Instructions to follow: Repeat the data below in full. Pictures must not be part of the copy.

Dataset section:
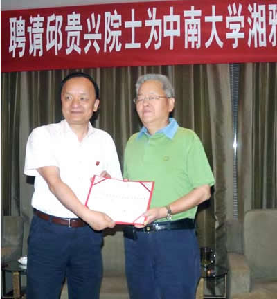 5月29日,中国工程院院士、我国著名骨科专家、北京协和医院骨科主任邱贵兴教授从湘雅医院院长陈方平教授手中接过聘书,成为我校湘雅医院客座教授。湘雅医院院长陈方平指出,邱贵兴院士的加盟,必将促进湘雅医院骨科学科的建设与发展,显凸骨科学科特色品牌。
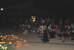 | ニューヨークの同時多発テロでは、およそ3000人の方が犠牲になりました。今日の会場にはその6分の1のおよそ500個のキャンドルの灯が灯されて、犠牲者の冥福を祈りました。 | |
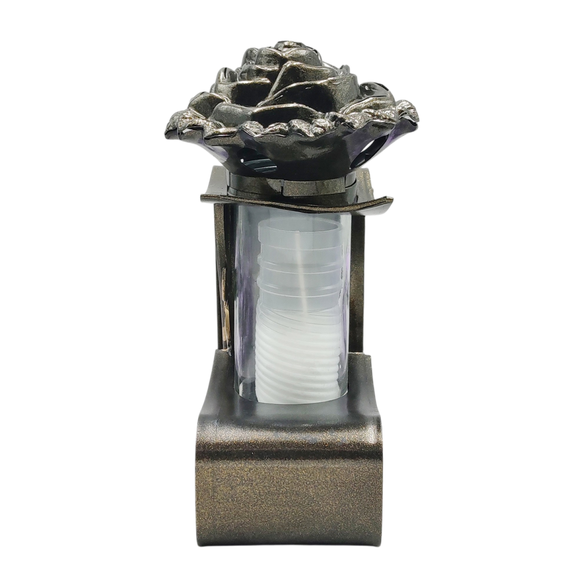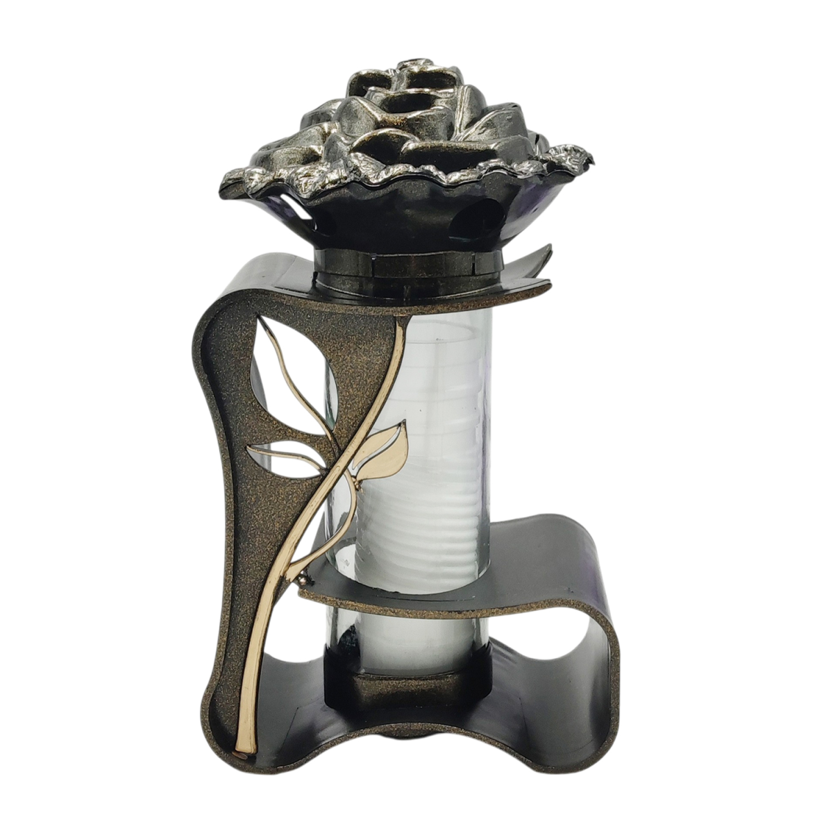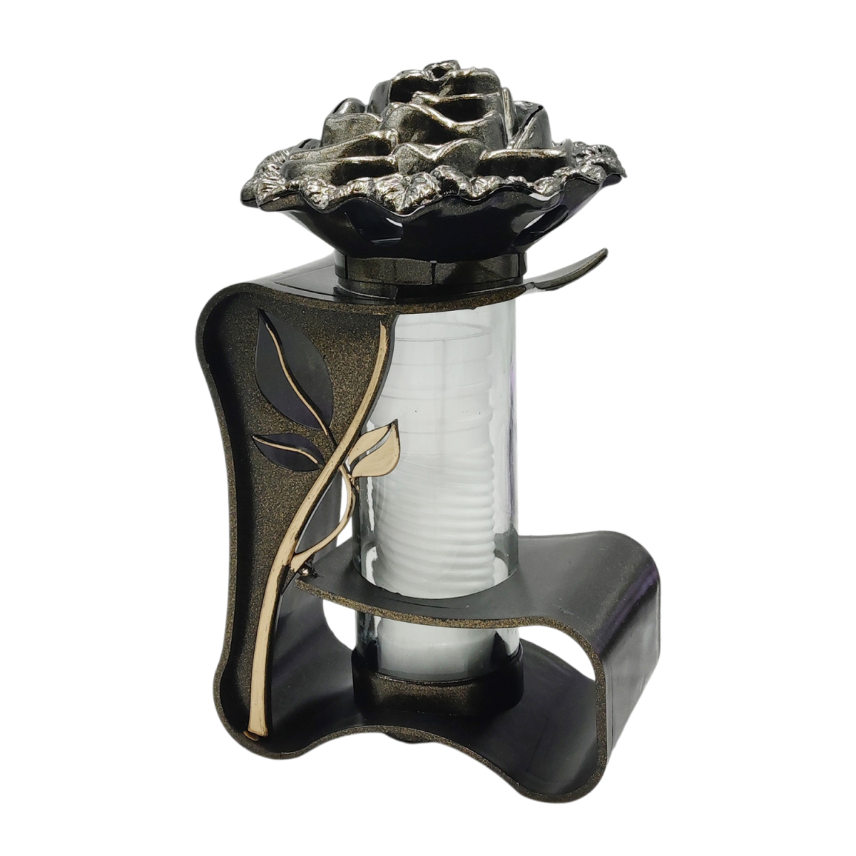 Оригінальний дизайн із декоративними елементами та скляною вставкою створює красиве, м’яке світіння свічки. Верхня частина у вигляді квітки додає лампадці витонченості та особливого шарму.

Written answer:
 5月29日,中国工程院院士、我国著名骨科专家、北京协和医院骨科主任邱贵兴教授从湘雅医院院长陈方平教授手中接过聘书,成为我校湘雅医院客座教授。湘雅医院院长陈方平指出,邱贵兴院士的加盟,必将促进湘雅医院骨科学科的建设与发展,显凸骨科学科特色品牌。
 | ニューヨークの同時多発テロでは、およそ3000人の方が犠牲になりました。今日の会場にはその6分の1のおよそ500個のキャンドルの灯が灯されて、犠牲者の冥福を祈りました。 | |
 Оригінальний дизайн із декоративними елементами та скляною вставкою створює красиве, м’яке світіння свічки. Верхня частина у вигляді квітки додає лампадці витонченості та особливого шарму.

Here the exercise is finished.